The Clean Air Act provides the current regulatory framework for climate policy in the United States. A key component of US policy as called for in President Obama’s recent memorandum to the US Environmental Protection Agency (EPA) will be the use of flexible approaches in achieving reductions in greenhouse gas emissions. EPA is expected to regulate existing stationary sources using tradable performance standards (averaging) under section 111(d) of the act. This section requires states to develop plans to implement the regulation. EPA will issue guidelines for states and may provide a model rule representing their ideal regulation for states to potentially incorporate in their plans, but many states are expected to propose additional flexibility mechanisms.
With coauthor Matt Woerman, we recently completed a paper that considers a variety of policy approaches that EPA will need to evaluate, whether as part of a model rule or if introduced by states. Unlike other parts of the Clean Air Act, section 111(d) requires consideration of multiple criteria. This section has a technological basis, so emissions rate changes would be a justified metric. The eventual outcome of interest is environmental performance, so emissions reductions are also meaningful. This section also calls for consideration of costs, and evaluation of policies according to a common marginal abatement cost could be used to compare stringency.

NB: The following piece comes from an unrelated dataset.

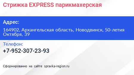 Стрижка EXPRESS, парикмахерская по адресу 164902, Архангельская область, Новодвинск, 50-летия Октября, 39 в дальнейшем Организация, размещена в следующих категориях:

This approach is especially interesting because it leads to cost-effective regulation among the affected sources, and could be observed in the modeling that states will provide to support their implementation plans. We find that expanding flexibility enables an increase in ambition along any one of these metrics (emissions rates, reductions, and costs), but it can lead to ambiguous results with respect to other metrics, suggesting that multiple criteria should be balanced to fit the legal justification of the regulation.
Using RFF’s Haiku model, Matt Woerman and I simulated a tradable performance standard regulation at coal-fired power plants to achieve a 4 percent reduction in the average emissions rate based on recent engineering studies that identify technical opportunities to improve plant efficiency. The regulation results in a reduction of 93 million short tons of carbon dioxide emissions.
We then expanded flexibility by enlarging the set of generators that could contribute. At the same marginal abatement cost, a tradable performance standard that covers all generation sources results in nearly four times the emissions reductions. This approach maximizes net benefits, achieving more than $25 billion per year in net benefits (2009$ in 2020), split roughly evenly between climate-related benefits and reduction of other air pollutants, with an electricity price increase of only 1.3 percent.
These reductions could be expected to take the United States past 15 percentage points of the 17 percentage-point reduction from 2005 levels that President Obama pledged in Copenhagen in 2009. President Obama has asked his cabinet to look across federal rules and regulations to identify further opportunities to reduce emissions. Calibration to a consistent marginal abatement cost would be important to achieve cost-effectiveness in this effort. The marginal abatement cost we model in the electricity sector builds on a technical foundation of what is achievable at existing coal-fired power plants. Coincidentally, it is similar to recent estimates of the social cost of carbon dioxide emissions, suggesting a focal point for coordinating other regulatory efforts.